We also wondered if the cell division delay had something to do with the presence of a polysaccharide capsule at the surface of pneumococcal cells. This idea was suggested by Sérgio Filipe when we met at an ASM conference. Sérgio had shown that capsule synthesis is coordinated with cell division. He had identified null mutants that were able to produce capsule attached to the cell surface but that was absent from the division site. His suggestion was that ComM could interfere with capsule synthesis during competence, resulting in the absence of polysaccharide at the division site, thereby facilitating the capture of exogenous DNA. We were really excited with this idea. We thus measured the transformation efficiency in several strains with different thickness of capsule layer and different concentrations of donor DNA, but we were never able to detect a difference between wild-type and comM mutants.

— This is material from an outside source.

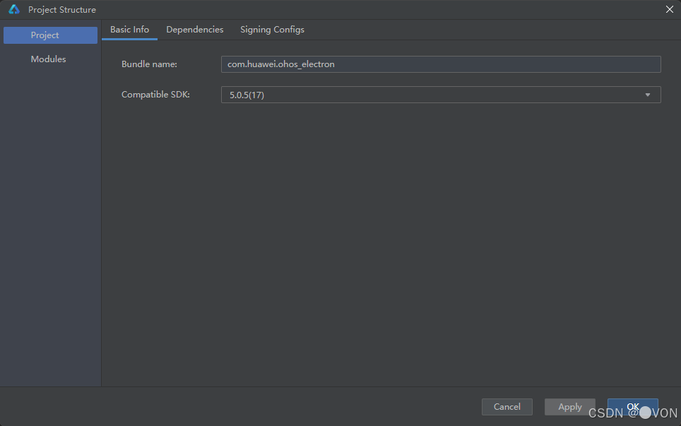com.huawei.ohos_electron)。 - Compatible SDK :选择

Finally, in view of the parallel between competence and stress response, we tested the possibility that the cell division delay preserves genome integrity by allowing cells enough time to complete transformation (Fig. 2). While it is generally assumed that the role of cell division inhibitors induced during the SOS response is to delay cytokinesis until after the genome has been repaired and fully replicated, this has never been proven. Here, we had a chance to test this using transformation assays. We knew that the transformation frequencies for a donor DNA carrying a single point mutation conferring resistance to an antibiotic were similar for strains containing or lacking ComM. We tried instead different donor DNA that could induce the formation of chromosomal rearrangements such as insertions and deletion of several kilobases, as well as inversions and large duplications that necessitate the formation of chromosome dimers as intermediates. Our reasoning was that these structures may require lengthy periods of time for their integration. With these new donor DNAs, we did observe 2 to 3-fold reductions in transformant frequencies of comM mutants. As Jean-Pierre used to say: “whatever the amount, if we halve our a salaries, we will certainly find this reduction as significant!”. Nonetheless, to reveal and emphasize the role of ComM during transformation, we eventually combined the comM mutation with mutations of genes involved in the resolution of chromosome dimers. Our results confirmed the importance of the cell division delay in maintaining genome integrity when the chromosome is engaged in recombination events during transformation.
The paper in Nature Communications is here: http://go.nature.com/2zVAMwa
Matthieu Bergé, Patrice Polard and Nathalie Campo
*Jean-Pierre Claverys headed the “Pneumococcal Tranformation” team (Toulouse, France) for more than 40 years. J.P. Claverys and P. Polard fused their groups in 2010 and co-directed the team until the retirement of J.P. Claverys in 2014.